(Dataset items)
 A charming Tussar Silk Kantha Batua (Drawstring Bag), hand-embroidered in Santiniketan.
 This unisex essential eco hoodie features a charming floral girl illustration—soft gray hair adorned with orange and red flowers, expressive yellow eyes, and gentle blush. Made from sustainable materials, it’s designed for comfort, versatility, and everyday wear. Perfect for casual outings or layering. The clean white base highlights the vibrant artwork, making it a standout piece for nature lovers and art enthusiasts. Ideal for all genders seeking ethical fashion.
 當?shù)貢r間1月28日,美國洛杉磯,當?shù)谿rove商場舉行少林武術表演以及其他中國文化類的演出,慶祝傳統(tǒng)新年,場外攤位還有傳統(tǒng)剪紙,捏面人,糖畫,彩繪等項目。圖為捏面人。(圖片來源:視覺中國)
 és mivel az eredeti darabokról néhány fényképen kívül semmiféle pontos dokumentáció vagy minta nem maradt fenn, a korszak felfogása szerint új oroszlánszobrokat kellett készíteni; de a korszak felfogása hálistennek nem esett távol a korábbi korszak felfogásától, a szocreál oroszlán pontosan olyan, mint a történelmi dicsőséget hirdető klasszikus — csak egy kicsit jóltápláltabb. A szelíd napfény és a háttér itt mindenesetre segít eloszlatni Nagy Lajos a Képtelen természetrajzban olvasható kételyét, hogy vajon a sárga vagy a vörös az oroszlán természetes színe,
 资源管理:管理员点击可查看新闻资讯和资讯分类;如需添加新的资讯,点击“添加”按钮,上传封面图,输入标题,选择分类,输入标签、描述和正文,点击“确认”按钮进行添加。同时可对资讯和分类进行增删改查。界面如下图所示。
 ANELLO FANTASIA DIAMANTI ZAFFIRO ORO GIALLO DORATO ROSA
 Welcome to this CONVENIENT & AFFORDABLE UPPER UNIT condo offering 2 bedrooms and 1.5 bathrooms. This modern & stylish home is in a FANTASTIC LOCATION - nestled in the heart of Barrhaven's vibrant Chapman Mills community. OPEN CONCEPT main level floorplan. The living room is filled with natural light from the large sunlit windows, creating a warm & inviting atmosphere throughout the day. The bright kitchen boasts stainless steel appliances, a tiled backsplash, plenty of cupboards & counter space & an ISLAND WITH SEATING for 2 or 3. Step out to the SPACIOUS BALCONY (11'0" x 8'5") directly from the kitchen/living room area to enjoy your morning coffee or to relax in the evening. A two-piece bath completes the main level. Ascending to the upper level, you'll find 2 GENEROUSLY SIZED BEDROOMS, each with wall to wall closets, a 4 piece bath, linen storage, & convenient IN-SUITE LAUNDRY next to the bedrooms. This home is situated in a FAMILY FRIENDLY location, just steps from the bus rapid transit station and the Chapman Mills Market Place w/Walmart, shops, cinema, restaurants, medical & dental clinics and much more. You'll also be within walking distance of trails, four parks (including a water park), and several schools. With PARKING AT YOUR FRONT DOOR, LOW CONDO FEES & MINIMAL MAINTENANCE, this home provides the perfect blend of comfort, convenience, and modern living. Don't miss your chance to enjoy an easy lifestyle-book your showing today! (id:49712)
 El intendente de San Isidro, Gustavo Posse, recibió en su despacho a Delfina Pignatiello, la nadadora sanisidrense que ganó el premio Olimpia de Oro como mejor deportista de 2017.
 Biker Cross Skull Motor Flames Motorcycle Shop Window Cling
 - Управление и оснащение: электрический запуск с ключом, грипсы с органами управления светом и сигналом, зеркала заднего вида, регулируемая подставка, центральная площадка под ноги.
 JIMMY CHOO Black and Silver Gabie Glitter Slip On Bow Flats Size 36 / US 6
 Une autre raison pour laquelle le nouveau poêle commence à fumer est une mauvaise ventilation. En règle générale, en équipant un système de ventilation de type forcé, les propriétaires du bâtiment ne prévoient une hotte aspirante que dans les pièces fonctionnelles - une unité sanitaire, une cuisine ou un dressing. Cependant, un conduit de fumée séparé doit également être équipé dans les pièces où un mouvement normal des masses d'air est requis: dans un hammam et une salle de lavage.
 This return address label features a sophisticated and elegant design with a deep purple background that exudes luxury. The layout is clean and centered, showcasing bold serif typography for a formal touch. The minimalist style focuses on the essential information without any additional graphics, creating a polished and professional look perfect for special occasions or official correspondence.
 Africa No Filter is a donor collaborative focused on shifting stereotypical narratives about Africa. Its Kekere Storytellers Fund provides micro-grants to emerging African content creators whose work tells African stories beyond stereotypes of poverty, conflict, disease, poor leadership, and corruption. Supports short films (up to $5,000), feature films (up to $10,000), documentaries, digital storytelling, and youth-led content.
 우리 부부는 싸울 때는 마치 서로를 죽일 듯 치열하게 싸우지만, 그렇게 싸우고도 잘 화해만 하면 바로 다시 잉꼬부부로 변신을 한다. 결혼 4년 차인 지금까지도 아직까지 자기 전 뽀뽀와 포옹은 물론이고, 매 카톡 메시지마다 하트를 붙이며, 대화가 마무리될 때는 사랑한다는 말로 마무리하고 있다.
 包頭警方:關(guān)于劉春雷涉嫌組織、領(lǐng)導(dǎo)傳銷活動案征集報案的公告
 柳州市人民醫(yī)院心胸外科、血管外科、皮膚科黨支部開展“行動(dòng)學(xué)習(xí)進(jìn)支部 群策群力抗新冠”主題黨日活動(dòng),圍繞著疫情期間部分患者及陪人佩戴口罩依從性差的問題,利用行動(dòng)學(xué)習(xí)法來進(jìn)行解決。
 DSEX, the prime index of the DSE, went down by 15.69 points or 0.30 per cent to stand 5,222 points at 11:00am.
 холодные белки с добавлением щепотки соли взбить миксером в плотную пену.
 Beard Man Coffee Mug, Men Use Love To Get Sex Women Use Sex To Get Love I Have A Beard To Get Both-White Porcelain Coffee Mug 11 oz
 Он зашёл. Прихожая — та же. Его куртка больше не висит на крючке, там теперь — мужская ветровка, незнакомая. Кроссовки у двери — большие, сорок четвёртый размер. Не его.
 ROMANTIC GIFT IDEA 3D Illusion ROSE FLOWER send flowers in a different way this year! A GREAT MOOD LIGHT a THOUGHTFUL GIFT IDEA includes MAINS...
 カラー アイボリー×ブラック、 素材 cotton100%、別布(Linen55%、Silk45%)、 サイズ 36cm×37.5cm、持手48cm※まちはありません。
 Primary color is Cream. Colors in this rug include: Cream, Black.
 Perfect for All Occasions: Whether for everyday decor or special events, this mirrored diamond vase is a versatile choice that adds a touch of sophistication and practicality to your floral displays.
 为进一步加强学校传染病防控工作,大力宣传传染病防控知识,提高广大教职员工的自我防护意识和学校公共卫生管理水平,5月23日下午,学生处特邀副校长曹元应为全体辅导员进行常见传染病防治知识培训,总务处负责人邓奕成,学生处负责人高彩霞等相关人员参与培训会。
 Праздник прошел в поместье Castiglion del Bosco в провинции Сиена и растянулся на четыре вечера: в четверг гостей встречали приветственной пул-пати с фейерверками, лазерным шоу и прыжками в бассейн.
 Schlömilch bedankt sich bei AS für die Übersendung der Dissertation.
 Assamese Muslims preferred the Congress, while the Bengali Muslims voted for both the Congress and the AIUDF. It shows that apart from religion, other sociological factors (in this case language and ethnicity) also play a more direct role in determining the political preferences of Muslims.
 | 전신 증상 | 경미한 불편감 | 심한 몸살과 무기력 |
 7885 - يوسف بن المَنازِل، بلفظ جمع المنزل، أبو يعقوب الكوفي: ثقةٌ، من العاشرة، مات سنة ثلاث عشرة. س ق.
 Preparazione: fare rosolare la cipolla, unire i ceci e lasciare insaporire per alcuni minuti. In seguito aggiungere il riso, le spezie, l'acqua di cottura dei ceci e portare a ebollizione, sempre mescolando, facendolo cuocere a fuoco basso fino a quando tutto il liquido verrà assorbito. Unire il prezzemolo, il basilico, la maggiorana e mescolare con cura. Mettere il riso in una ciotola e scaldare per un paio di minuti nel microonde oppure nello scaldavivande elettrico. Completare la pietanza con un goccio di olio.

-- Problem description --
Beginning at the line with "ROMANTIC GIFT IDEA" and stopping after the line with "7885 - يوسف", please write out every line of the data above exactly and nothing else.

-- Reply to the task --
 ROMANTIC GIFT IDEA 3D Illusion ROSE FLOWER send flowers in a different way this year! A GREAT MOOD LIGHT a THOUGHTFUL GIFT IDEA includes MAINS...
 カラー アイボリー×ブラック、 素材 cotton100%、別布(Linen55%、Silk45%)、 サイズ 36cm×37.5cm、持手48cm※まちはありません。
 Primary color is Cream. Colors in this rug include: Cream, Black.
 Perfect for All Occasions: Whether for everyday decor or special events, this mirrored diamond vase is a versatile choice that adds a touch of sophistication and practicality to your floral displays.
 为进一步加强学校传染病防控工作,大力宣传传染病防控知识,提高广大教职员工的自我防护意识和学校公共卫生管理水平,5月23日下午,学生处特邀副校长曹元应为全体辅导员进行常见传染病防治知识培训,总务处负责人邓奕成,学生处负责人高彩霞等相关人员参与培训会。
 Праздник прошел в поместье Castiglion del Bosco в провинции Сиена и растянулся на четыре вечера: в четверг гостей встречали приветственной пул-пати с фейерверками, лазерным шоу и прыжками в бассейн.
 Schlömilch bedankt sich bei AS für die Übersendung der Dissertation.
 Assamese Muslims preferred the Congress, while the Bengali Muslims voted for both the Congress and the AIUDF. It shows that apart from religion, other sociological factors (in this case language and ethnicity) also play a more direct role in determining the political preferences of Muslims.
 | 전신 증상 | 경미한 불편감 | 심한 몸살과 무기력 |
 7885 - يوسف بن المَنازِل، بلفظ جمع المنزل، أبو يعقوب الكوفي: ثقةٌ، من العاشرة، مات سنة ثلاث عشرة. س ق.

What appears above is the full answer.